“The vast majority of talent today do not need management.”
That was the verdict this afternoon of Jordan Schwarzenberger, who runs a company that has a single client, The Sidemen.
Speaking on a Deadline-moderated panel at SXSW London with a trio of top UK agents, Schwarzenberger made the case for why most young digital talent can go it alone.
“I think this is a trap of some of the more traditional management companies historically, where you sign people up en masse when they just don’t need it,” he explained. “If you don’t have creative ideas and you’re not able to stand the test of time then you’re not going to be able to win today. And management cannot do that.

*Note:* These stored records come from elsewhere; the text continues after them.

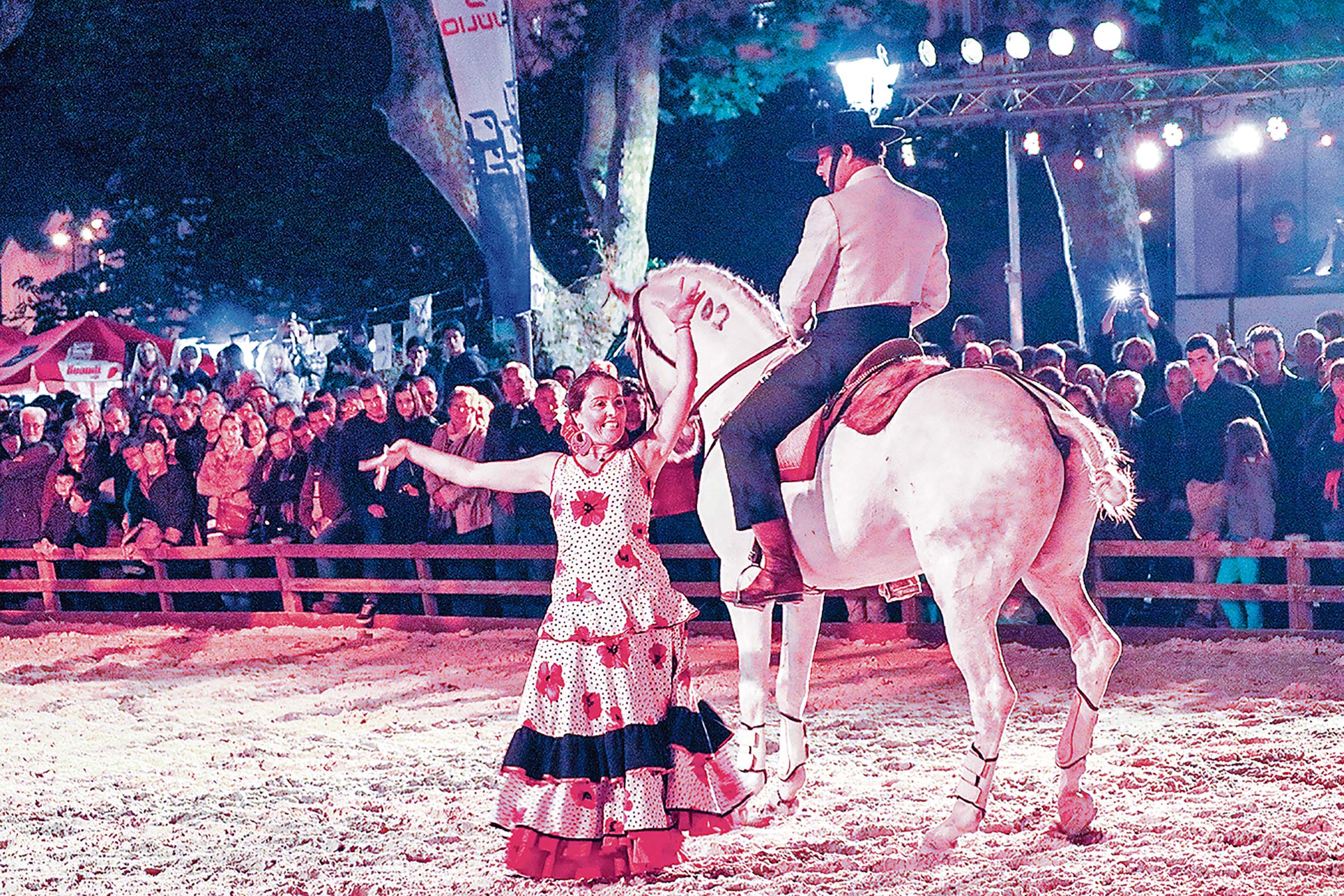 Uma bailarina dança em frente a um cavalo, seis cavaleiros com varas a arder fazem uma coreografia com fogo, uma bailarina faz dança vertical enquanto um cavaleiro a pé conduz o seu cavalo. Há malabares com fogo, danças sevilhanas e um cavalo iluminado por fios de luz que desfila pelo picadeiro. No final, uma valente salva de palmas para os artistas.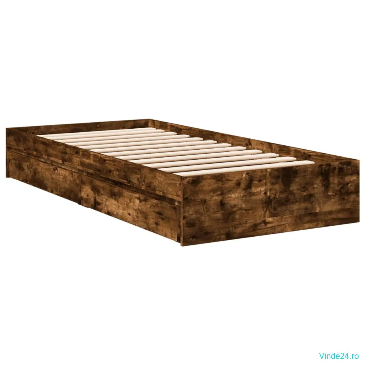 vidaXL Cadru pat cu sertare stejar fumuriu, 90x200 cm, lemn prelucrat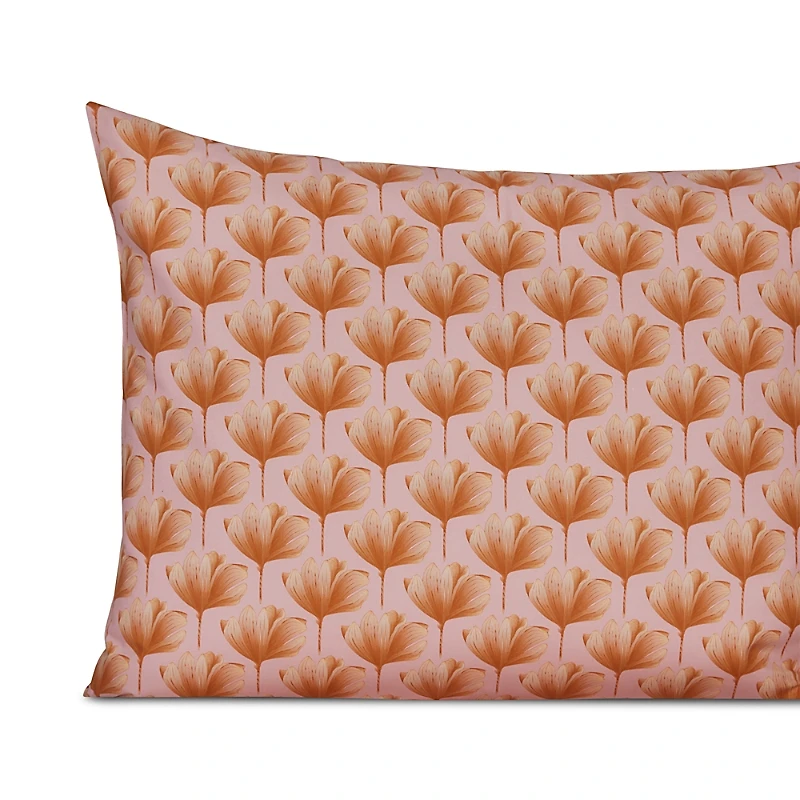 Printed on Italian-woven long-staple cotton, in two striking colorways, Edna is an ode to vivid extravagance. The reversible design offers two distinct expressions of artistry. On one side, a repeat Ginkgo leaf pattern, symbolizing beauty and enduring quality with its graceful form. On the other, a minimalist art deco texture unfolds, kaleidoscopic in its mesmerizing symmetry.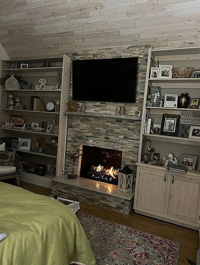 The master suite also includes a palladium window, wood whitewashed barrel ceiling, gas fireplace, and built-in bookshelves.

I think management actually is the icing on the cake but the cake has to be the talent and their own ability.”
Arcade Media co-founder Schwarzenberger twice made his point around a majority of talent not requiring management as he chatted with Curtis Brown unscripted and entertainment boss Martha Atack, InterTalent MD Alex Segal and MonRae Management founder Elspeth Rae.
Segal, whose shop reps the likes of Joan Collins, Amber Gill and Ross Kemp, said up-and-coming digital talent are “smarter than ever.”
“When you meet young people now who are making huge successes of themselves and they know the industry like they do and are running at 100 miles an hour then you’ve got to be running faster,” he added. “They’ve hired you to give strategic advice and create opportunities. I think the truth is that if you have a client who wants to do something and you can’t deliver that service, they’re going to go and find someone that can.”
Schwarzenberger said when you do land on that special talent, such as KSI and The Sidemen, who were behind recent Netflix series Inside, you have to “build for the long term.” “When the Sidemen first came in they’d had lots of agents around them, but they had no management, even though the agents were acting as management,” he added. “So they didn’t have anybody asking what their team looked like, how to scale businesses, how to own IP and how to create brands of their own.”
In this way, he said agents nowadays can “essentially become [a client’s] C-suite.”
Atack, who has led UTA-owned Curtis Brown’s Unscripted and Entertainment department since last year, said she is “in awe of” this notion. She compared it in the case of 126-year-old Curtis Brown to adapting a book for the screen and an agent landing an EP role on the project, which she said happens “on a cherry-pick basis” at present.
Atack said she would love to “apply this new model to traditional talent” such as Gladiators host Bradley Walsh, one of Curtis Brown’s highest-earning, most successful clients.
“Jordan [Schwarzenberger] and I probably have shared frustrations in the past of pitching an amazing IP project to a client but if the person at the center of that project isn’t driving it, you can say bye,” she added.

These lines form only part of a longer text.